*Task input*.
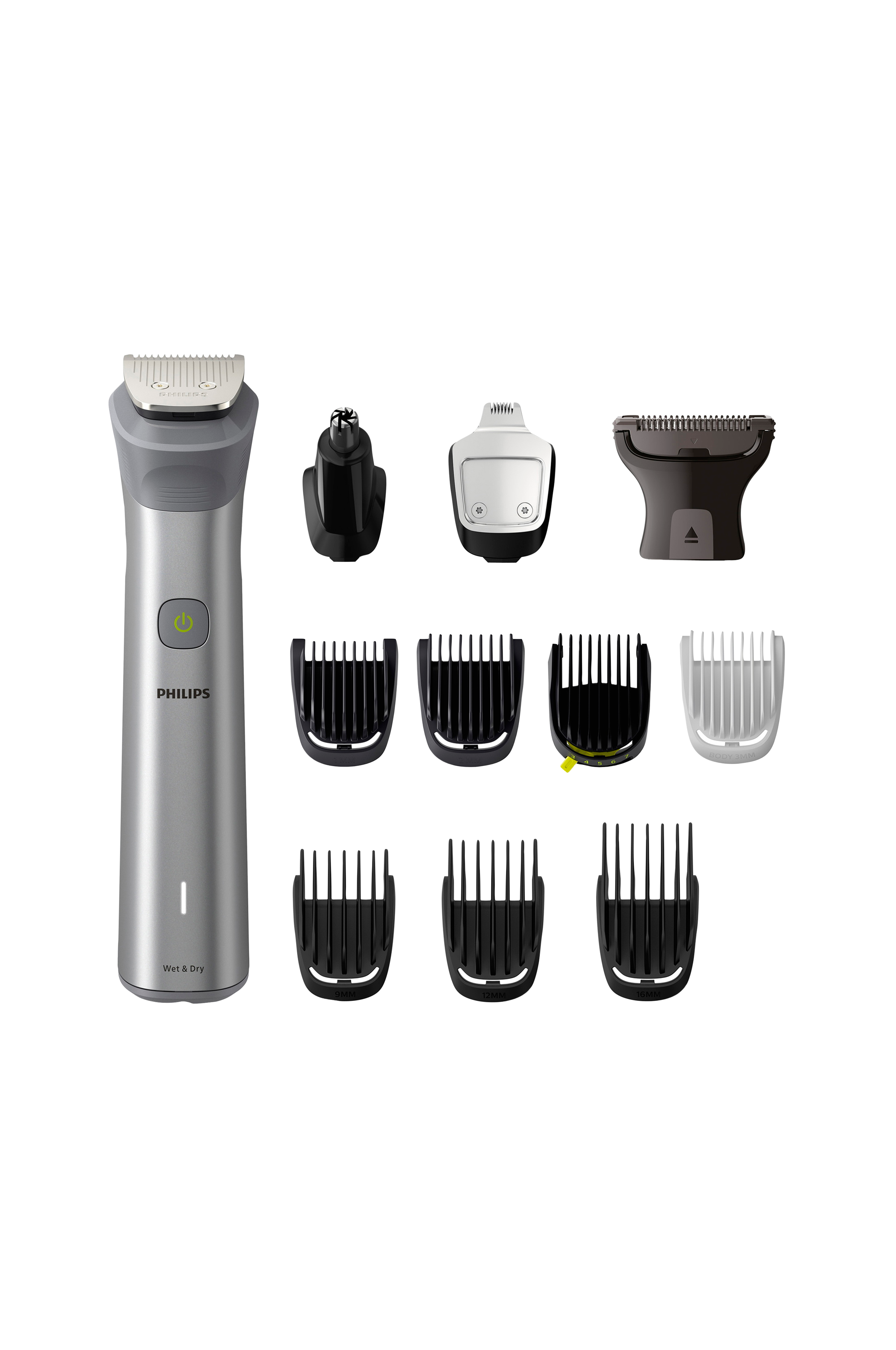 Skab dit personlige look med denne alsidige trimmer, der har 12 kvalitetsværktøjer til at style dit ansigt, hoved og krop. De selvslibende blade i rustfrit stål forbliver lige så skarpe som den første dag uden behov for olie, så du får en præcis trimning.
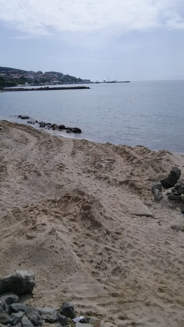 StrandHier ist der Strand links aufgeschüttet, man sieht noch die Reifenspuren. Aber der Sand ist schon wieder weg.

...

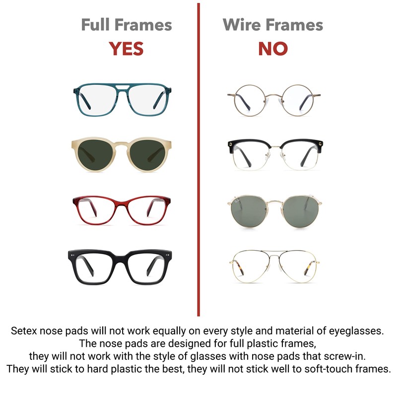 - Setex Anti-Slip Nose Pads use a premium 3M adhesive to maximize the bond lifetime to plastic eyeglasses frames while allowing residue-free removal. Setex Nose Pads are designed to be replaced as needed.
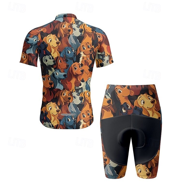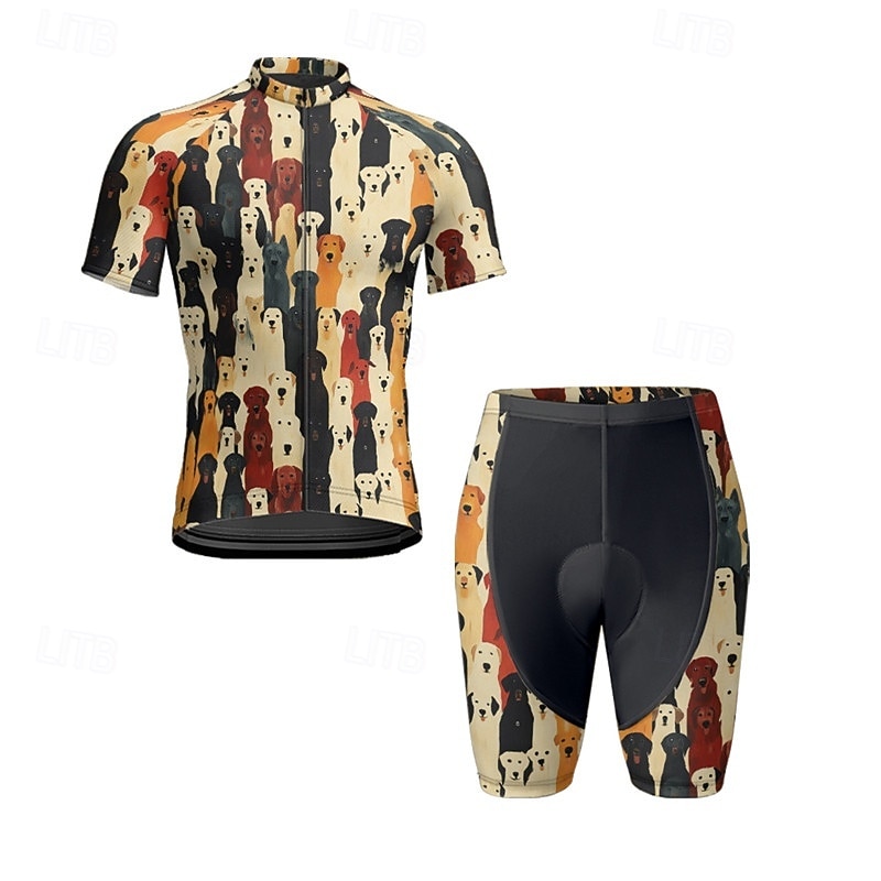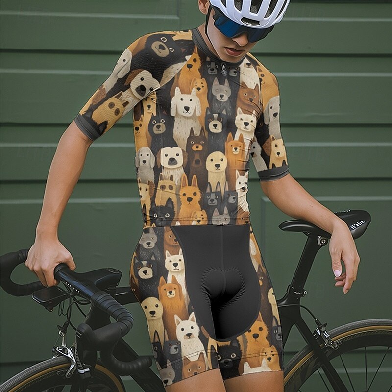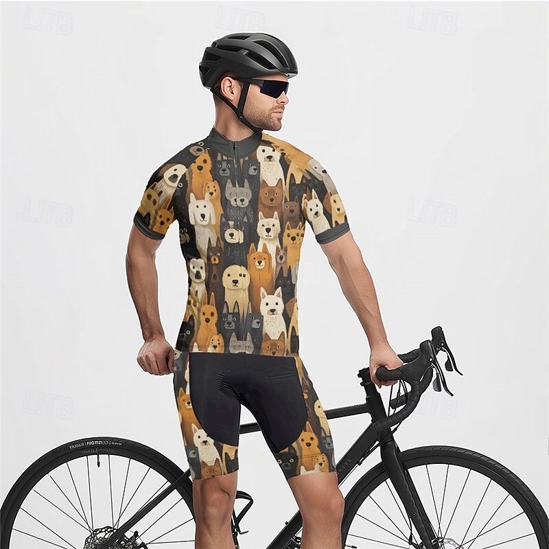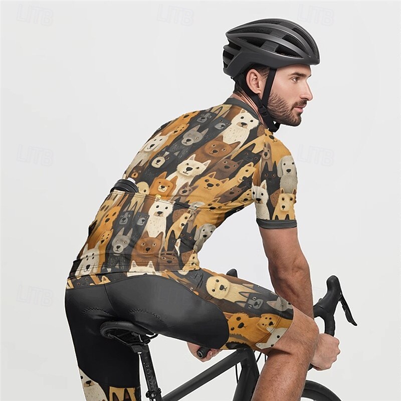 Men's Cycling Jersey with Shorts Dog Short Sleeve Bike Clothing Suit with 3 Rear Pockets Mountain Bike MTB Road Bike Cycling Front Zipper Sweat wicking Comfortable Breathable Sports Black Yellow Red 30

...

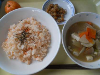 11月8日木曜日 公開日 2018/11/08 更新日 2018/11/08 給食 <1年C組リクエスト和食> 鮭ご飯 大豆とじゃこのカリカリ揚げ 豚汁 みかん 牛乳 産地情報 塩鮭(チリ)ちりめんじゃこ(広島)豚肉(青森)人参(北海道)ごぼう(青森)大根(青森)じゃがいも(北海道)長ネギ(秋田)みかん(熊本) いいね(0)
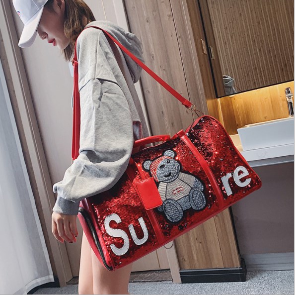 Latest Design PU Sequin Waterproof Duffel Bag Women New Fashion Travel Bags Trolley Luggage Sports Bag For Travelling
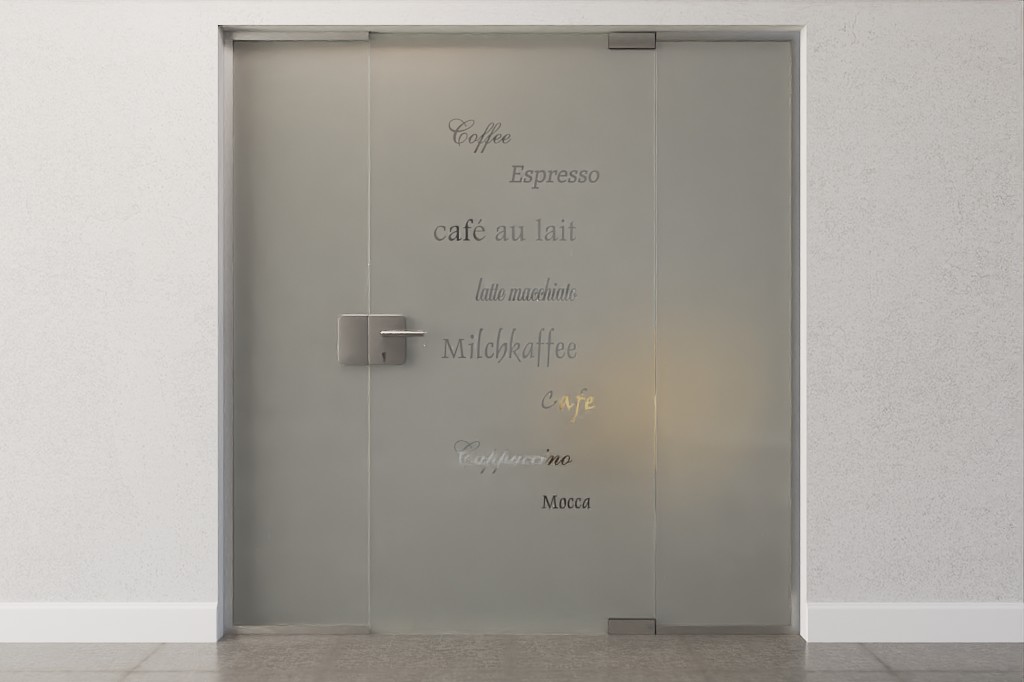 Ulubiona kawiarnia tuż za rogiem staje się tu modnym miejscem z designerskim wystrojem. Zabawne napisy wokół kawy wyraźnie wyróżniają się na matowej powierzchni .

*Task prompt*. Copy back exactly the lines above from the one containing "Latest Design PU" through the one containing "Ulubiona kawiarnia tuż", and leave every picture behind.

*Your solution*.
 Latest Design PU Sequin Waterproof Duffel Bag Women New Fashion Travel Bags Trolley Luggage Sports Bag For Travelling
 Ulubiona kawiarnia tuż za rogiem staje się tu modnym miejscem z designerskim wystrojem. Zabawne napisy wokół kawy wyraźnie wyróżniają się na matowej powierzchni .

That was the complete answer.